Flood finally took on production duties for what many consider, quite rightfully, to be a trainwreck of an album, Zooropa. Part of the mess has to do with the deliberately curtailed period that U2 gave themselves to both write & record the album (three months between legs of the Zoo TV Tour). Part of it has to do with someone with as coarse a sense of irony as Bono going through an identity crisis while desperately trying to straddle the end-of-history zeitgeist of the early '90s. "Lemon" even sounds like something that molted off of an Orbit remix of Madonna's "Justify My Love" or some such bullshit. And yet again, the difference is that Larry Mullen's really playing those drums (as opposed to using those same fuckin' "Hot Pants" and "Think" loops everyone fuckin' used) and the tremolo wash is, once more, heavily processed & effected guitar, not some canned Kurzweil organ patch.

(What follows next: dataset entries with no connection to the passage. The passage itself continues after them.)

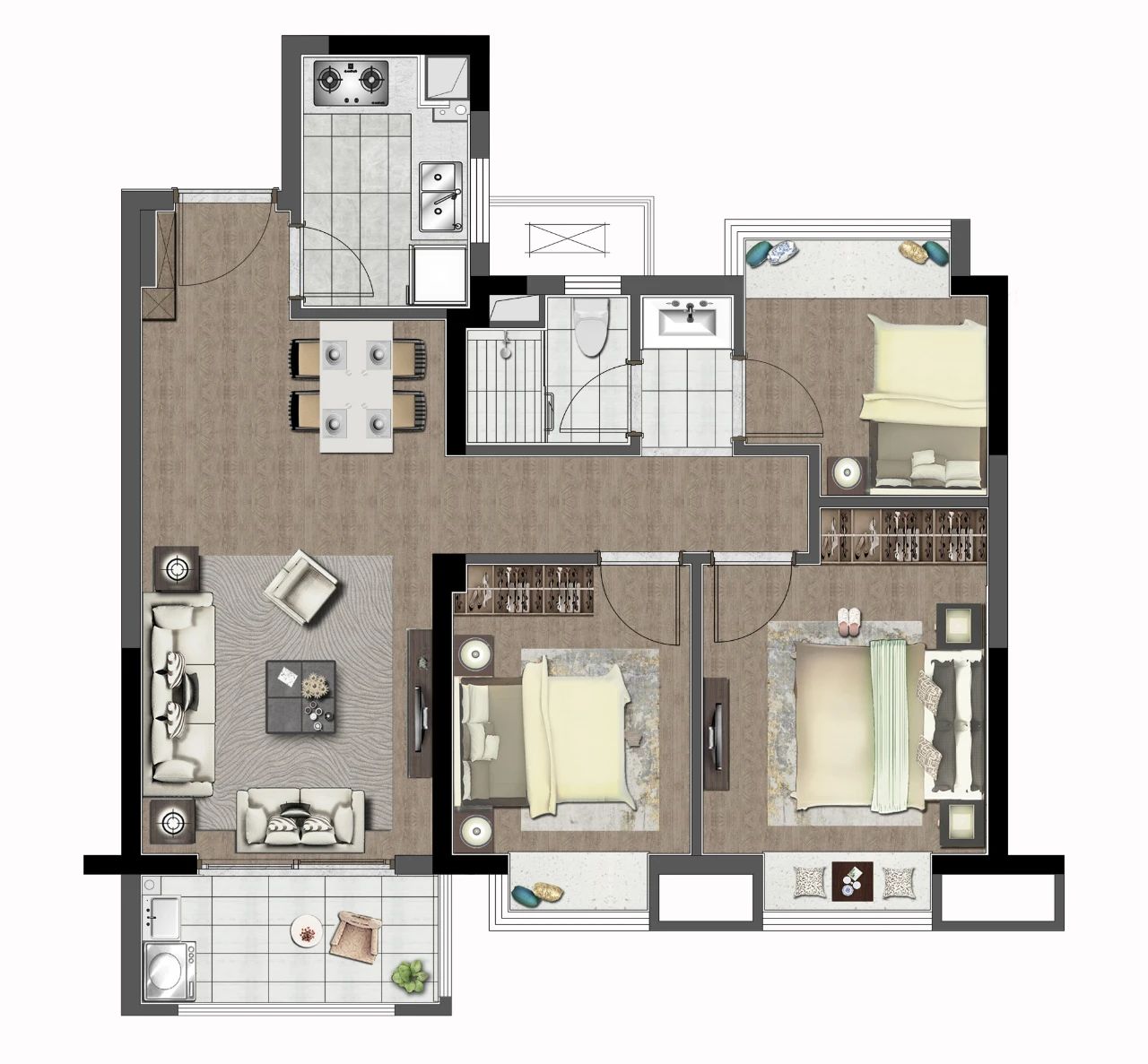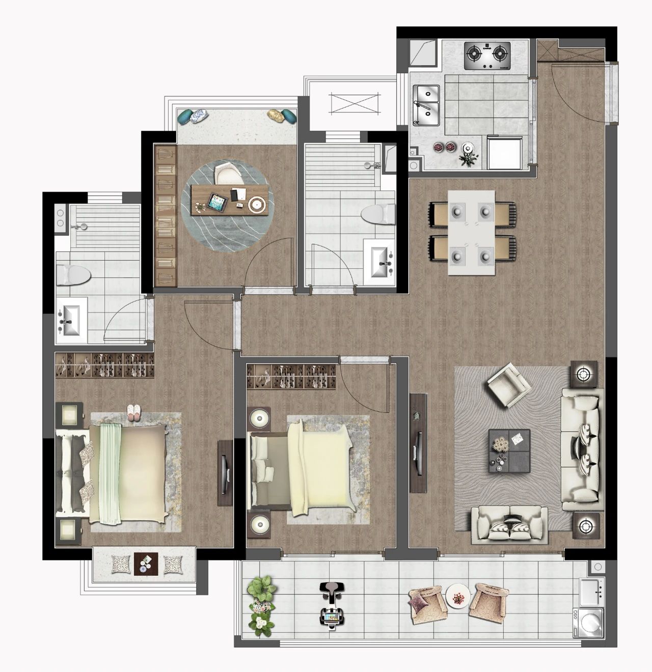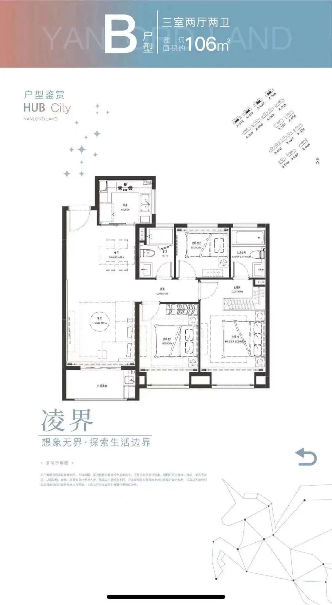建面约107㎡,为三开间朝南的边户,共三房两厅两卫及一个超大南向阳台。U型厨房、卫生间干湿分离,主卧为套间设计,增加了私密感。同时卧室都带内飘窗设计,增加了空间的层次感和空间利用率。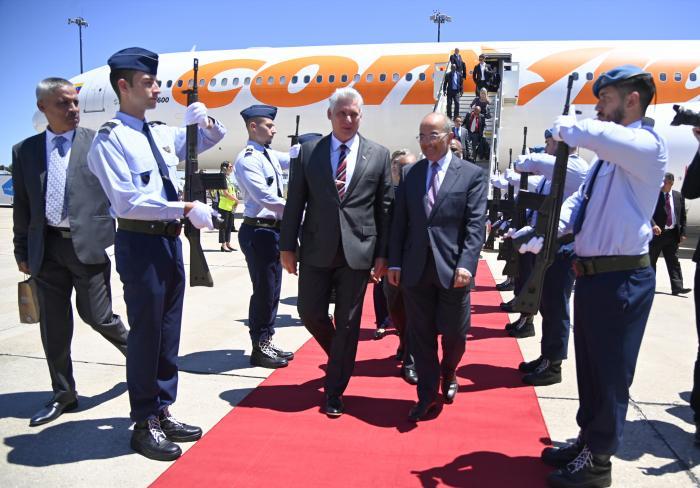 Ao aterrissar no aeroporto internacional Humberto Delgado, o chefe de Estado, juntamente com sua acompanhante Lis Cuesta Peraza, foi recebido ao pé da escada da aeronave pelo embaixador de Portugal em Cuba, José Pedro Machado Vieira, bem como por Yusmari Díaz Pérez, embaixadora do país caribenho.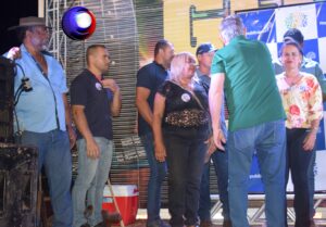 Pedro Gomes: Ao lado de vereador Sandoval, prefeito Murilo inaugura primeiro parquinho infantil da cidade.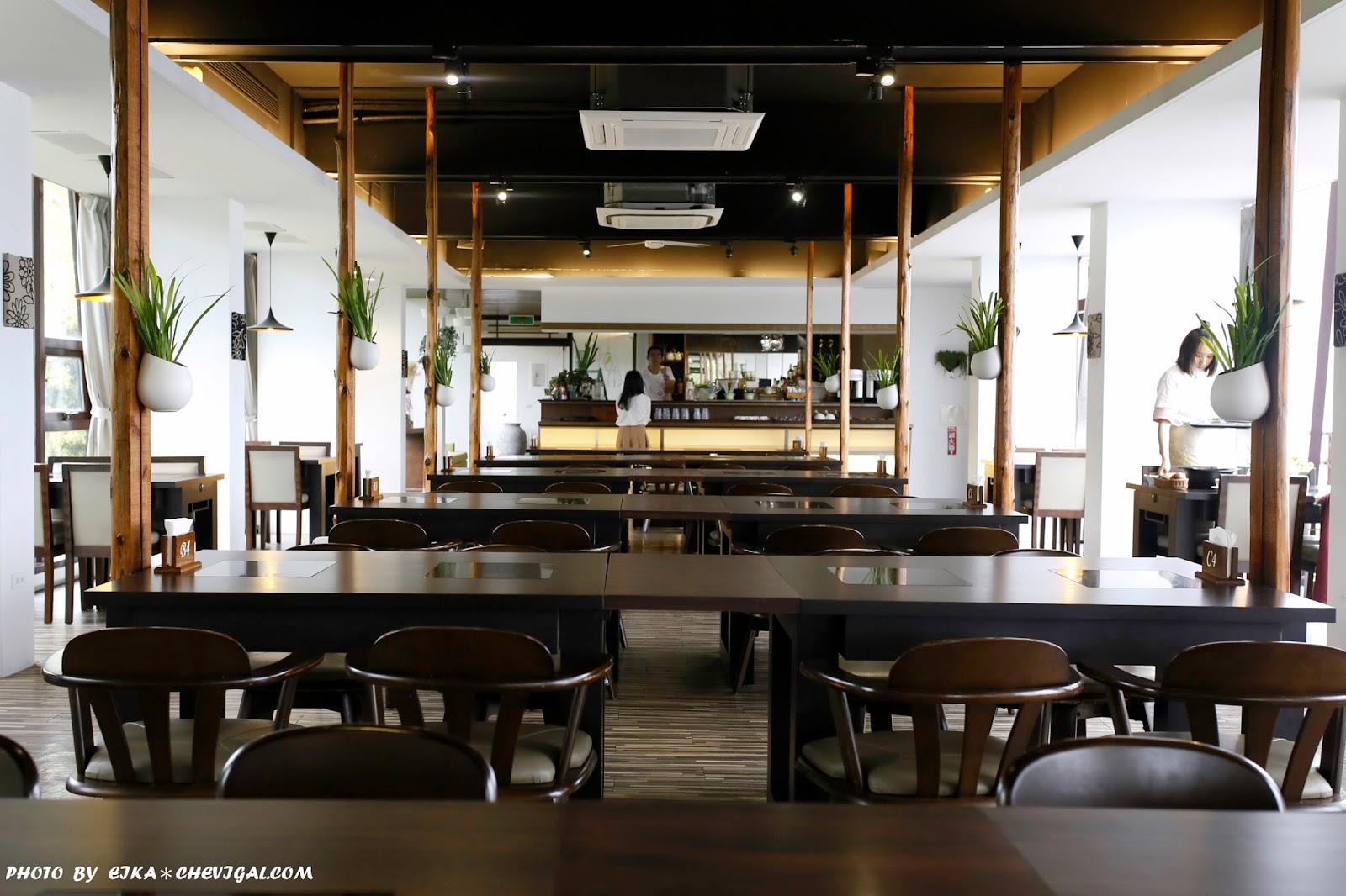 漫步走入餐廳,寬敞的空間有著自然光的採光投射,搭配上內部木質的擺設與翠綠植栽,引領我們走進清新森林的豐盛饗宴。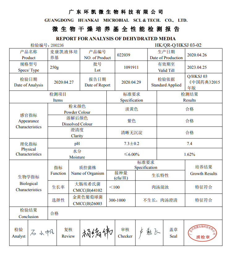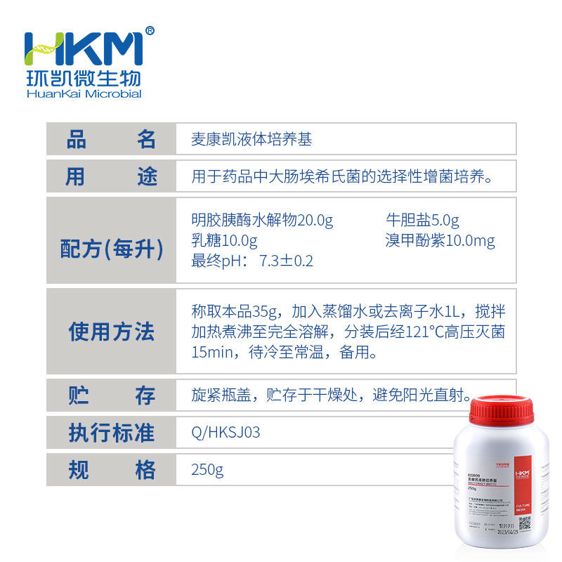 MacConkey liquid medium 15th edition Pharmacopoeia 250g Huankai 022039 Escherichia coli enrichment culture

As his oeuvre expanded to include albums with Nine Inch Nails and the Smashing Pumpkins, Flood was armed with a much broader pallette. He could apply his decade behind the boards and uncanny ear for constructing aural environments to projects that would otherwise be bare-bones and straightforward, like PJ Harvey. To many, especially in the infancy of her career, Harvey recalled Patti Smith impersonating Nick Cave (or perhaps vice versa) so it made sense for Flood to recycle a few tricks from his days with the Bad Seeds: brooding organs, stripped-down arrangements, and capturing a powerful (as opposed to technically perfect) performance. Whether it was thanks to the rising stock of the producer's imprint or because of a synergy between performer and production, lead single "Down By The Water" became PJ Harvey's biggest hit ever.

But on a handful of tracks, like "Long Snake Moan", Flood was a little too eager to keep pursuing the experiments he'd begun with NIN and the Pumpkins - unsubtle treatments such as overdubbing an identical guitar riff five times, each with a different tone of distortion; staticky drum triggers; SansAmp on everything. These songs have dated the hardest in perhaps the whole Harvey catalogue, given that Flood's signature sounds had reached saturation levels of radioplay by the mid-'90s thanks to, well, NIN and the Pumpkins. The more spartan songs (e.g. "Down By the Water", "Working For the Man", "Come On Billy") hold up well because they're well-written songs, delivered honestly, captured faithfully.

...Though perhaps not as honestly, faithfully, nor ferally as the album history has decided is PJ Harvey's unimpeachable classic, the Steve Albini-produced Rid of Me.

From there, Flood seems to have suffered from the same wanton self-referentiality that afflicted everyone who wasn't a fratboy date-rapist in the late '90s. To wit, "The Perfect Drug" (while it may actually be my favourite NIN song ever) sounds less like a single than an abstract encapsulation of everything Trent Reznor has ever done in four minutes. That Flood didn't even work on the track is a testament to how pervasive his influence had become upon big-money-backed music. Hell, check out the tone of those live drums - that's the same sound from "Deanna" back in '88!

Now a 25-year veteran of the recording industry, Flood's engineering has gained a certain transparency, his imprimatur on the records he makes less obvious (something that cannot, for better or worse, be said of either Albini or Orbit). Take the latest Sigur Ros release - I'd never have guessed this was a Flood record. All I'd have recognized is that these twee Icelanders are clearly on some kinda saccharine Animal Collective new-primitivist bullshit, and I've got no fucking time for that.

But shit, Flood didn't write that garbage, and he's made almost 10 goddamn records that I listen to and wish I'd made. Respect is due.

(Not to mention Orbit's responsible for Madonna's somehow-worse-than-the-original rendition of "American Pie". That's burning your union card, pal. No forgiveness.)